It’s a miserable day in Chicago. Rain dampens the streets, gragually changing to a hard sleet on the city’s north side. Across the street from the TCF bank branch at Southport and Fullerton, two dozen activists representing Communities United Against Foreclosure and Eviction and Northside Action for Justice gather in the dining room of a Burger King. They are here to support Josh Pina, who is being foreclosed on by the bank.
Elliot Zashin from NorthsidePOWER explains that Pina lost his job last year, and tried repeatedly to get a modification to stay in his home but without luck. Pina did find another job, but TCF demanded thousands of dollars upfront before they would consider modification. On February 14th, despite those attempts, he is scheduled for eviction. Considering, however, the overwhelming backlog of foreclosures, and the Cook County sheriff’s hardly secret views regarding rampant misuse and even fraud by banks and lenders, Pina may be able to remain in his home for the time being. Says Zashin, who spoke with an ill Pina earlier, Josh “is living in limbo and started to pack up his things just in case.”
A week from Valentines day, the day Pina is scheduled for eviction, the activists themed the protest “Have a Heart.”
“It is not the plan for anyone to get arrested here today,” organizer Megan Selby told the gathered protesters. Quickly she outlined the action, which would culminate in a song sung to the bank officers to the tune of Simon and Garfunkel’s “Cecilia,” and a presentation of a red paper valentine heart to the branch manager.
Several more activists arrive. At precsiely 11:30 they all crossed to the bank together and quietly entered the lobby. With 900poundgorilla, a news crew arrived from the local Spanish-speaking station.
“I would request that there is to be no filming or photographs inside the bank,” branch manager, Anastasios Drankus, ordered, before turning to a presentation and plea for Pina from Selby Clearly unnerved by the media attention, Drankus ordered all filming to stop and directed an employee to diall 911.
Undaunted, the protesters then knelt chorused:
TCF, you’re breaking my heart
You’re shaing my neighborhood lately
Oh, TCF, I’m done on my knees
I’m begging you please save my home, please save my home.

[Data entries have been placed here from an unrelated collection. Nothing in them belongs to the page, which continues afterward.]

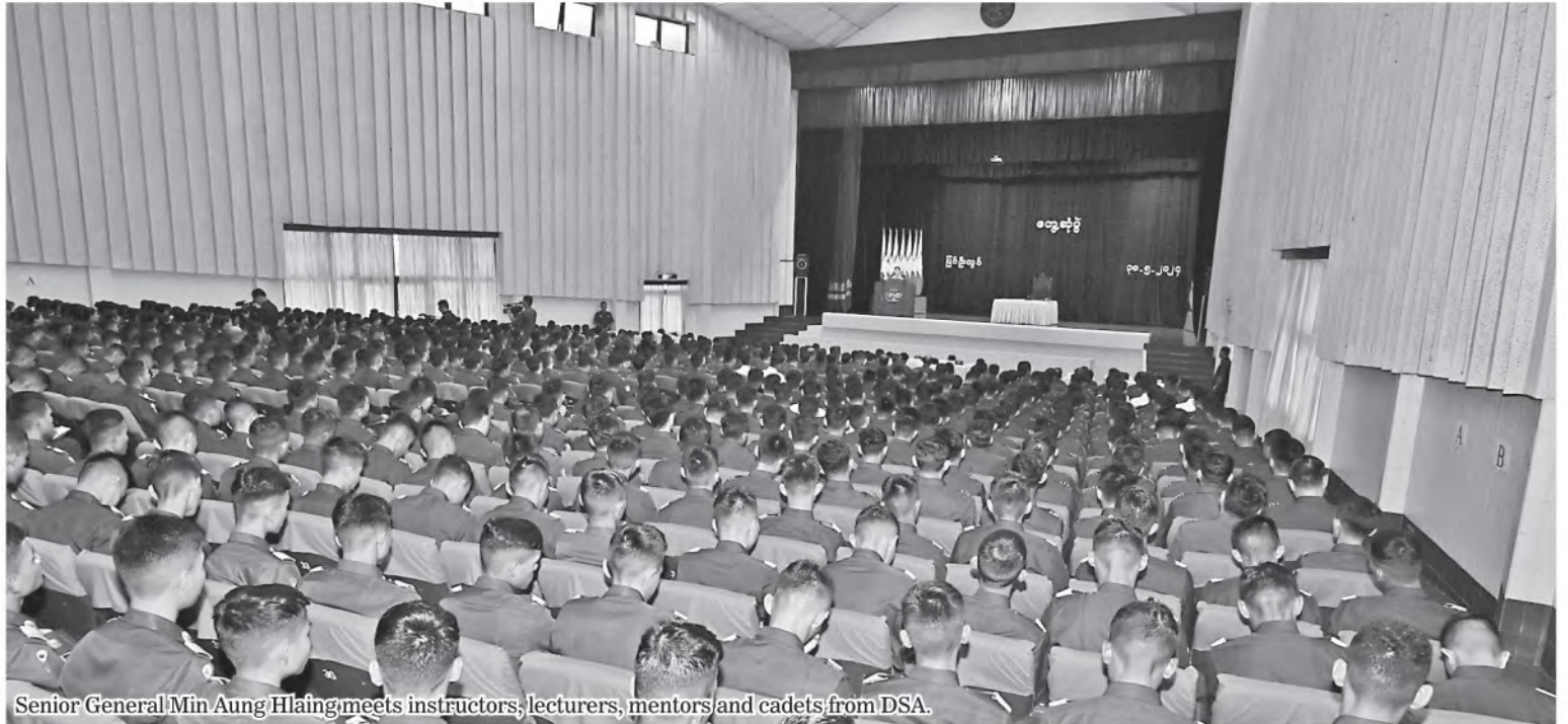
Senior General Min Aung Hlaing meets instructors, lecturers, mentors and cadets from DSA.

First, the Senior General explained that occurrences of voting frauds in the 2020 multi-party democracy general election, political declaration of the State of emergency and serving State responsibilities by Tatmadaw due to lack of solving voting frauds, difficulties in outbreak of COVID-19 at a time the State Administration Council has been serving State responsibilities, armed terror acts and subversive acts of those unwilling to see peace and stability of the State showing political condition, participation of some service personnel in CDM movements due to instigations, and endeavours of the State to develop overall development of political, economic and social sectors aid various difficulties and efforts to forge peace
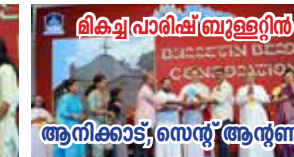
ലിക്വ് പാരിഷ് ബ്രൂള്ളിൻ
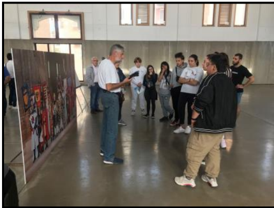
Difusió de la Festa de Moros i Cristians
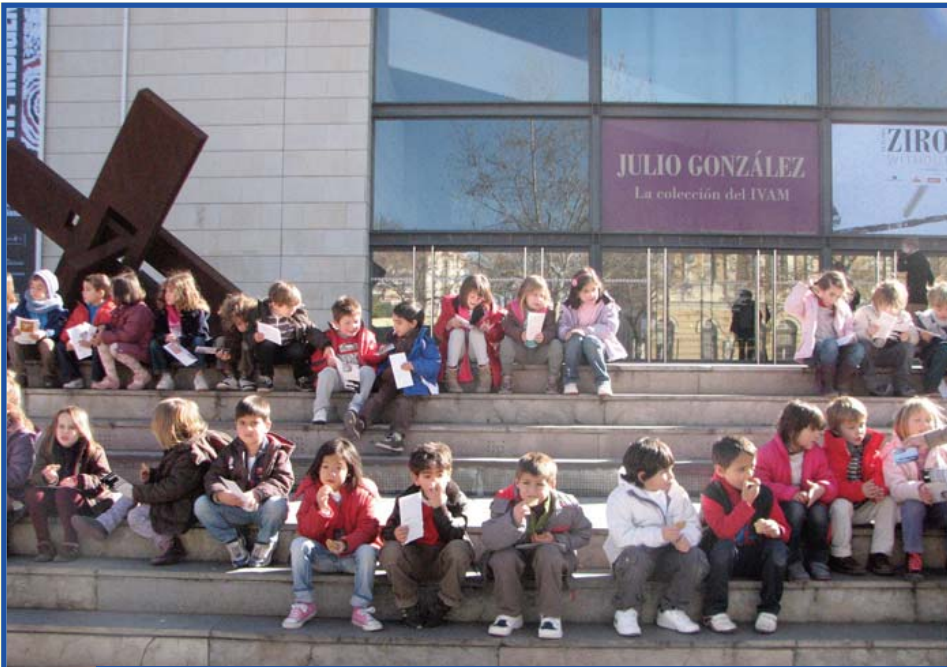
Alumnat d'Infantil 5 Anys de Les Carolines a la porta de l'Institut Valencià d'Art Modern -IVAM-.
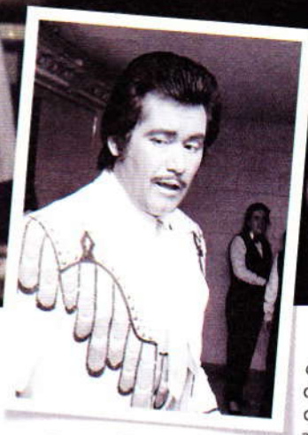
Rencontre présidentielle : les Beach Boys avec Nancy et (à l'extrême droite) Ron ; (en haut) Wayne Newton ; (en bas) James Watt.
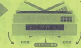
約25度 左右の方向へ調整可能

プラズマクラスター機能付 これが健康テクノロジー 「プラズマクラスター」 技術。 お部屋の空気を快適に!
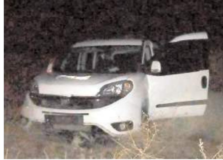
Yaralı sürücü hastaneye kaldırıldı.

Çorum'da kontrolden çıkan hafif ticari aracın şarampole uçması sonucu meydana gelen kazada sürücü yaralandı.
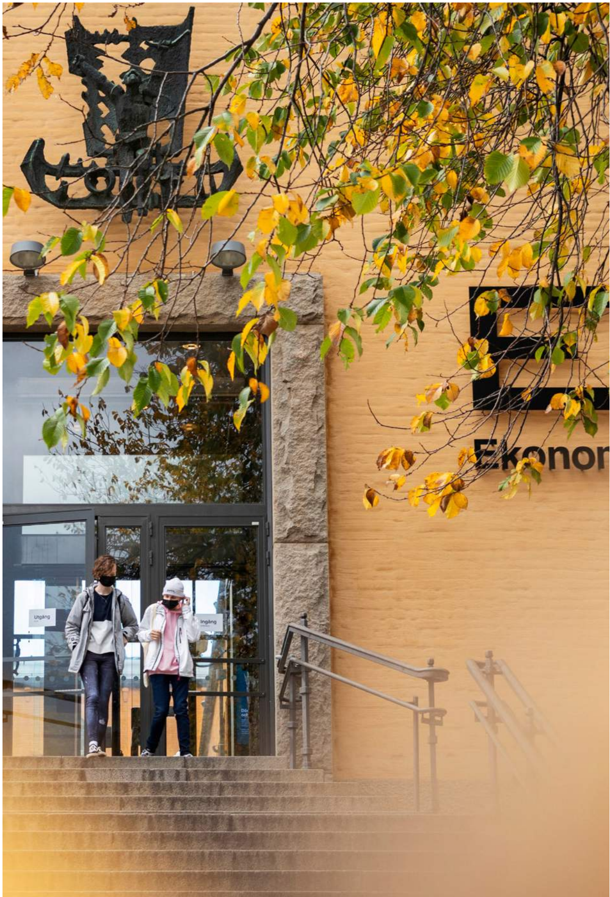
Besökare med munskydd lämnar Ekonomiska och Historiska museet på Narvavägen.
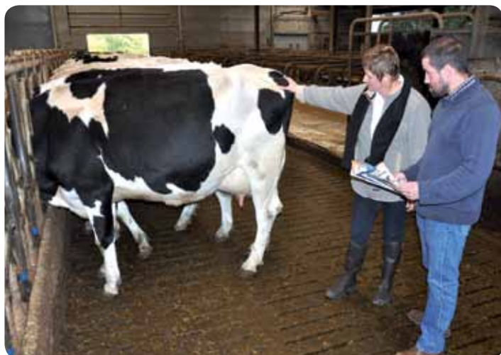
Contrôle laitier, classification linéaire, conseil d'accouplement, le troupeau est suivi par l'AWE asbl depuis une quinzaine d'années.
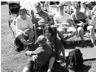
Nogle billeder fra Åsebakken Valfart den 25. maj 2008

Fra september 2008 fejres ikke mere menighedsmesse lørdag aften på Ledreborg, men søndag aften kl. 17:00. Vi håber, det er en mere praktisk tidspunkt for de fleste. Den næste menighedsmesse i Ledreborg Slotskirke bliver altså søndag, den 7. september kl. 17:00 . Der er ingen menighedsmesse på Ledreborg i juli og august.
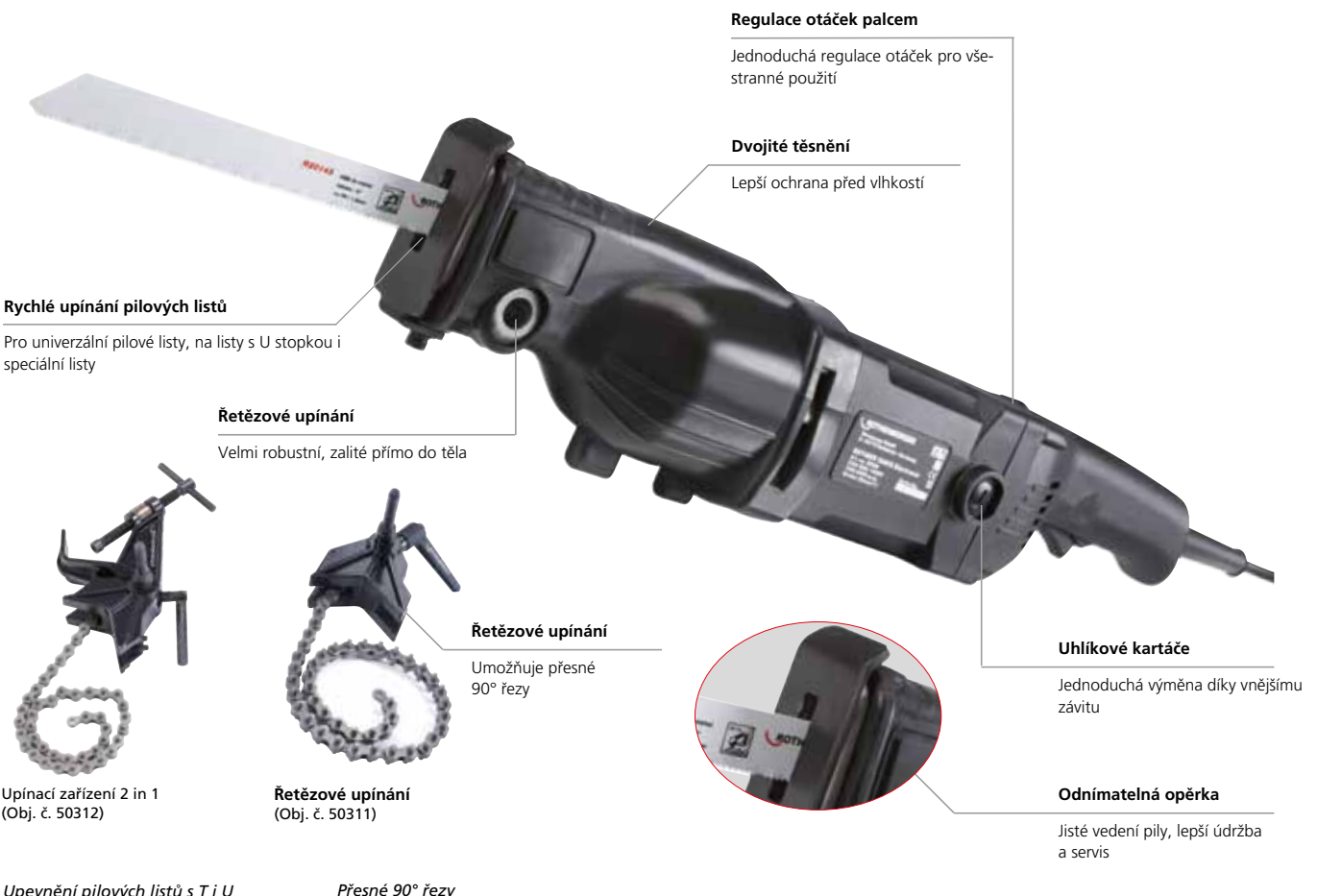
Upínací zařízení 2 in 1 (Obj. č. 50312)
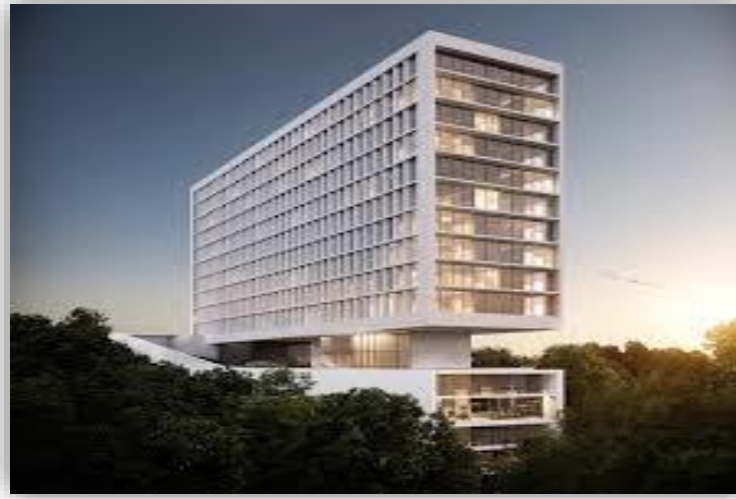
Punto Sur - Guadalajara Jalisco.
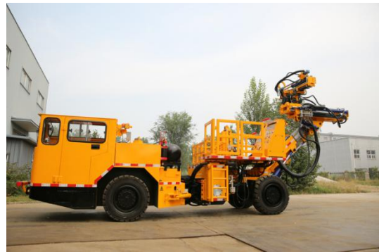
防爆柴油机管路钻车
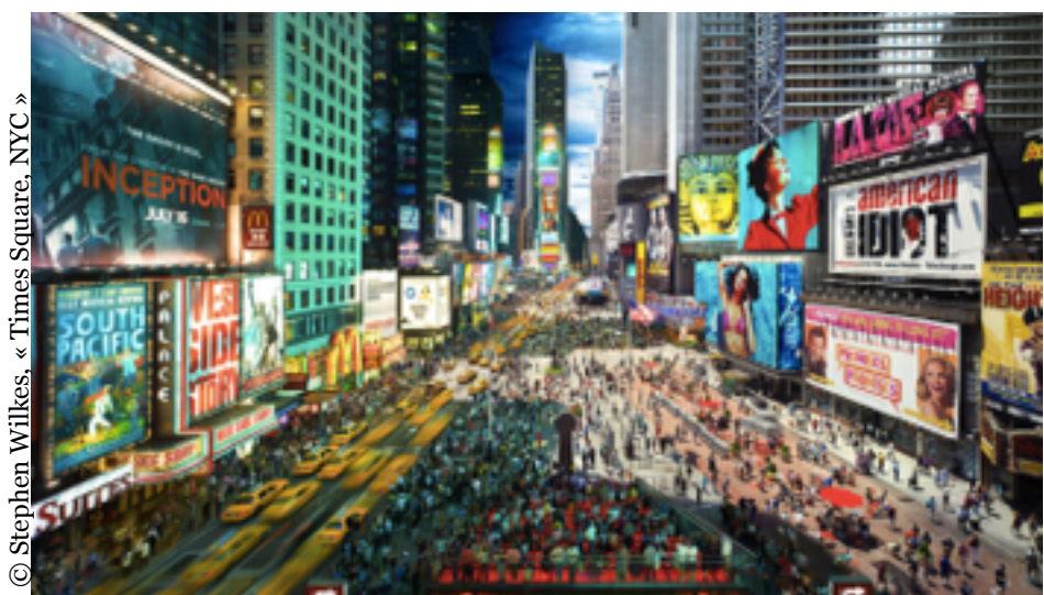
© Stephen Wilkes, « Times Square, NYC »

Docteur en droit et membre du conseil d'administration d'ATTAC
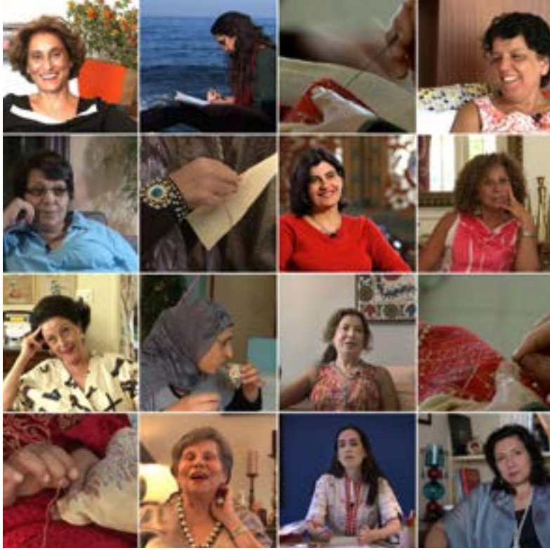
من «خيوط السرد» لكارول منصور

الإحتلال، حياتهن الحالية، أحلامهن وفلسطين التي تربطها شيئاً فشيئاً خيوط من فن التطريز القديم. سنرى ونستمع إلى محاميات، وفنانات، وربات منزل، وناشطات،

With that, they stood and filed quietly from the bank, and back across the street. Several police units arrived shortly after, but left within a few moments, with a cursory warning for the slowly dispersing activists not to return to the bank.
“The nanks aren’t use to being held accountable,” said Brian Murray, a long time activist. “People don’t get in people’s faces and demand answers.”
He blames the post-war progressives who were content to just get along and not make waves. That changed during the 1960s, but even many of those leaders retreated or simply gave up. The pop psychology, escape into your mind attitude, unchecked consumerism and a corporate and entertainment dominated culture erased or reversed much of what progressives and liberals set out to accomplish in the Sixties. it sounds like a new generation has taken up that standard, So deep is the damage done to human rights, the economy and the political system, it is impossible any longer to look the other way.